Task objective
Everything below from the line with "De l’infiniment grand" through the line with "त्यसैगरी कार्यक्रममा दलित" should be copied exactly, and nothing else; leave out the pictures.

Data to use

☆ ☆ ☆

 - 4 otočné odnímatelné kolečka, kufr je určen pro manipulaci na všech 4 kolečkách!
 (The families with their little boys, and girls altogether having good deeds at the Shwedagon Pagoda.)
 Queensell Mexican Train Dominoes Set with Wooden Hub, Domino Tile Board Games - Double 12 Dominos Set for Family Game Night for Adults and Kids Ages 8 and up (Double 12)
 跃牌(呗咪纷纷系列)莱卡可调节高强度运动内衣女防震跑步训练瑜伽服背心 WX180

☆ ☆ ☆

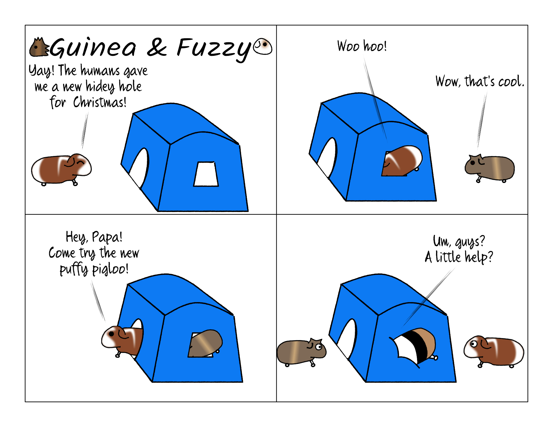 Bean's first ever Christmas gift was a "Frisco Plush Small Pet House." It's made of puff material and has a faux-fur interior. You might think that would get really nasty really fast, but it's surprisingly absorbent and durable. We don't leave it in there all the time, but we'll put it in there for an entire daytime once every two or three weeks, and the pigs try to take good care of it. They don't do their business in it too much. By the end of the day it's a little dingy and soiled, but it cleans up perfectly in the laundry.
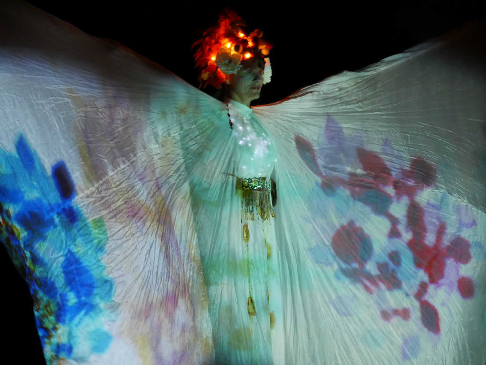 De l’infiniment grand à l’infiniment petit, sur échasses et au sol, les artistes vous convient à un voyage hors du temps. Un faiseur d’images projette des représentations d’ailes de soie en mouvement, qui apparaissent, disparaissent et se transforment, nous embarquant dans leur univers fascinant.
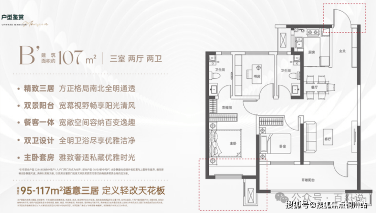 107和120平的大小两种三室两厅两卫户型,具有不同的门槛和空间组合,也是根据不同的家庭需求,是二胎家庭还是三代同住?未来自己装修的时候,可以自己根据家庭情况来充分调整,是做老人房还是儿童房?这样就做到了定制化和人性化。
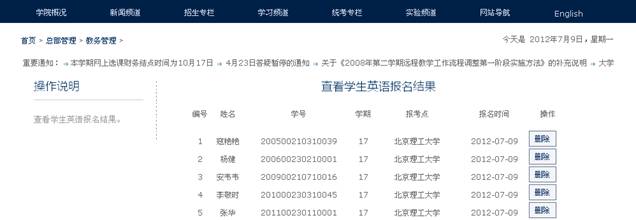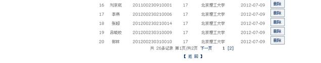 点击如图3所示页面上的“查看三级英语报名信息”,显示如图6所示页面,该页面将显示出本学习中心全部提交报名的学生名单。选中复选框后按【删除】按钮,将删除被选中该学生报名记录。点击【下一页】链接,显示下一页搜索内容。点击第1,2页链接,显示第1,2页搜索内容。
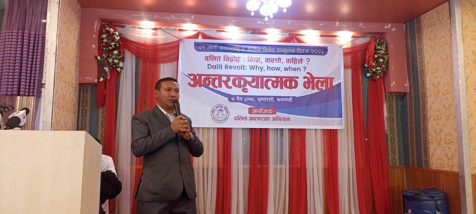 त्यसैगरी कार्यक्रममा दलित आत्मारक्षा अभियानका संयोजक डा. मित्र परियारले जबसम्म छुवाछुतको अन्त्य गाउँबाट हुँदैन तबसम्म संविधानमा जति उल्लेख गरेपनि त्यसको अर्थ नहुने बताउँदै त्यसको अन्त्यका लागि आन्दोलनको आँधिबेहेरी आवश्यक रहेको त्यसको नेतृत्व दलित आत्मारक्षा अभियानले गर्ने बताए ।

☆ ☆ ☆

Completed task
 De l’infiniment grand à l’infiniment petit, sur échasses et au sol, les artistes vous convient à un voyage hors du temps. Un faiseur d’images projette des représentations d’ailes de soie en mouvement, qui apparaissent, disparaissent et se transforment, nous embarquant dans leur univers fascinant.
 107和120平的大小两种三室两厅两卫户型,具有不同的门槛和空间组合,也是根据不同的家庭需求,是二胎家庭还是三代同住?未来自己装修的时候,可以自己根据家庭情况来充分调整,是做老人房还是儿童房?这样就做到了定制化和人性化。
 点击如图3所示页面上的“查看三级英语报名信息”,显示如图6所示页面,该页面将显示出本学习中心全部提交报名的学生名单。选中复选框后按【删除】按钮,将删除被选中该学生报名记录。点击【下一页】链接,显示下一页搜索内容。点击第1,2页链接,显示第1,2页搜索内容。
 त्यसैगरी कार्यक्रममा दलित आत्मारक्षा अभियानका संयोजक डा. मित्र परियारले जबसम्म छुवाछुतको अन्त्य गाउँबाट हुँदैन तबसम्म संविधानमा जति उल्लेख गरेपनि त्यसको अर्थ नहुने बताउँदै त्यसको अन्त्यका लागि आन्दोलनको आँधिबेहेरी आवश्यक रहेको त्यसको नेतृत्व दलित आत्मारक्षा अभियानले गर्ने बताए ।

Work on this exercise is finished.